> **DATA PROVIDED**
- - -
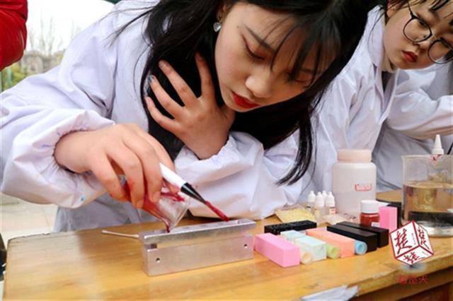 “好玩!我终于知道口红是怎么做出来的了。”3月7日,完美平台2016级公共事业管理专业的潘菲拿到自己制作的口红开心不已。这是该校化学化工学院为迎接女生节特意策划的“另类”活动——现场教女生制作自己的专属口红。
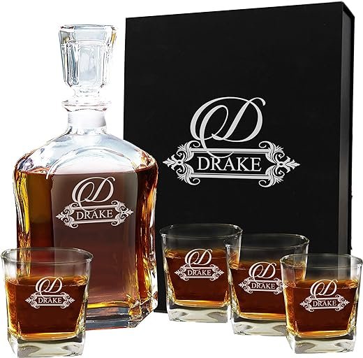 - FREE ENGRAVING – Customize your decanter and glasses with any name and initial at NO EXTRA COST
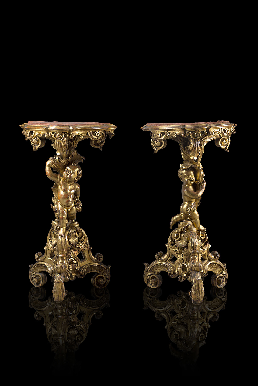 Coppia di gueridon in legno intagliato e dorato con piano sagomato sorretto da putto a tutto tondo e motivi fogliati. Secolo XIX (h. cm 107 x 60) (difetti)
- - -
What you return should be the full listing, unchanged, minus the pictures.

 “好玩!我终于知道口红是怎么做出来的了。”3月7日,完美平台2016级公共事业管理专业的潘菲拿到自己制作的口红开心不已。这是该校化学化工学院为迎接女生节特意策划的“另类”活动——现场教女生制作自己的专属口红。
 - FREE ENGRAVING – Customize your decanter and glasses with any name and initial at NO EXTRA COST
 Coppia di gueridon in legno intagliato e dorato con piano sagomato sorretto da putto a tutto tondo e motivi fogliati. Secolo XIX (h. cm 107 x 60) (difetti)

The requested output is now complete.